Guest speaker uses humor in disability employment awareness speech

Defense Logistics Agency
Story by Dianne Ryder

Date: 10.21.2011
Posted: 10.27.2011 17:12
News ID: 79142
Guest speaker uses humor in disability employment awareness speech

FORT BELVOIR, Va. -- Visually impaired comedian Alex Valdez entertained and spoke about the difficulties he’s overcome in his career during the National Disability Employment Awareness Month observance, Oct. 20, at the McNamara Headquarters Complex.

“People are always amazed at how I can look so humorously at being given a complication in my life such as blindness,” he said.

Valdez, visually impaired since childhood, said he has never seen himself on his many television appearances, but he was able to help the audience see how attitudes shape perceptions of employees with disabilities.

The Defense Logistics Agency, Defense Threat Reduction Agency, Defense Contract Audit Agency and Defense Technical Information Center Equal Employment Opportunity offices collaborated on the event, which highlighted the 2011 theme, “Profit by Investing in Workers with Disabilities.”

Valdez captured the audience’s attention with punch lines like “nice-looking crowd” and responded to a question about his lack of sunglasses with, “I don’t see deaf people wearing ear muffs.” Valdez said laughter is one of the ultimate tools for keeping life’s difficulties in proper perspective and that his blindness isn’t the greatest obstacle in his life.

“I find that people have a wide range of reactions to my blindness,” he said. “Some are obviously uncomfortable being around me, while others are almost morbidly interested in the fact that I can’t see, and [that’s] all they want to talk about.”

Although such attitudes toward Valdez’s outward disability suggest he is different from other people, he said people are very much the same inside.

“Everybody in this world has one kind of a disability or another,” he said. “The disabilities that have presented the greatest challenge of my life are not the impairments of the body, but the disabilities of attitude.
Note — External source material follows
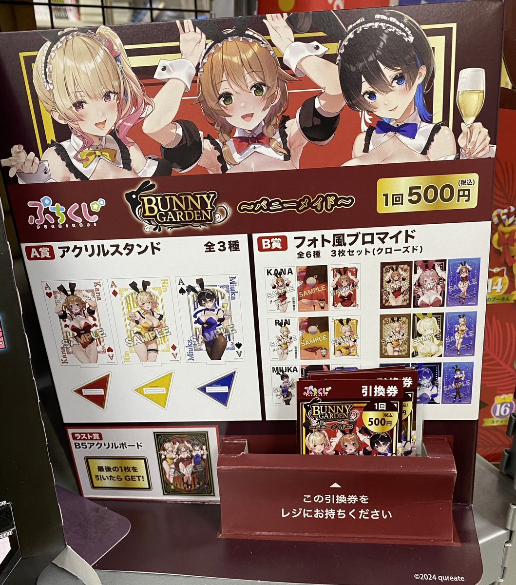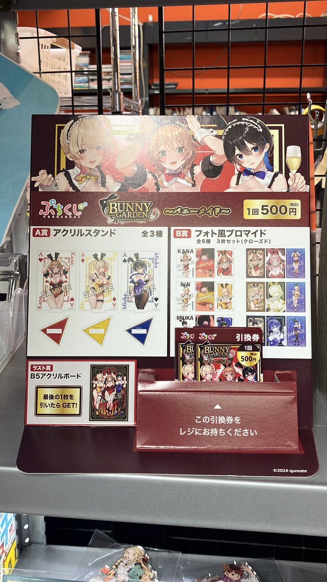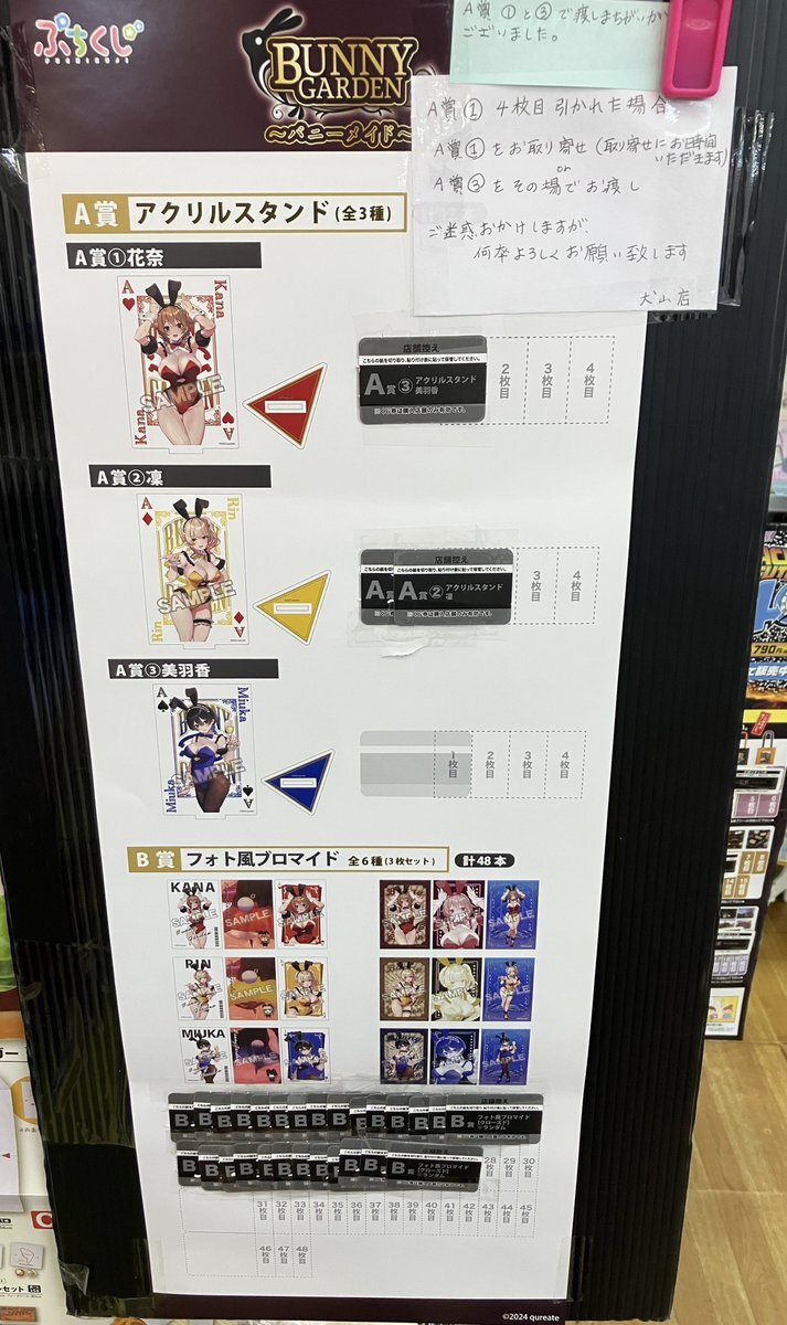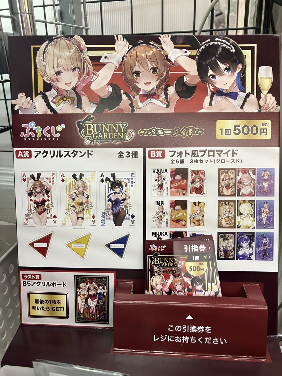 【 #ぷちくじ 消化情報】 #バニーガーデン #bunnyGarden バニーメイド 1回税込500円 残り30口 A賞 ①花奈 3点 ②凛 2点 ③美羽香 4点 残っております‼️ チャレンジお待ちしております💪✨ #ブックタウン犬山五郎丸店 pic.x.com/YWmeZjLB9M

In this way, we are all challenged.”

To illustrate his point about attitudes toward people with disabilities and the disabilities themselves, Valdez conducted an exercise. Everyone selected one of four disabilities they would choose to have – blindness, cerebral palsy, quadriplegia and developmental disability – and then chose one of those they absolutely would not want to have. Then he had them explain their answers.

“The disability that you choose, you will wake up with tomorrow morning and you will have the rest of your life,” Valdez said. “One to have, one not to have; no right, no wrong answers.”

By allowing the audience to listen to each other’s responses, Valdez revealed audience perceptions and misperceptions about disabilities and their relation to cognitive and physical abilities and quality of life.

“Here’s the bottom line: They’re all the same disability,” Valdez said after the exercise was over. “Because what we have here … are not people with disabilities, they’re reactions [and perceptions] to disabilities.”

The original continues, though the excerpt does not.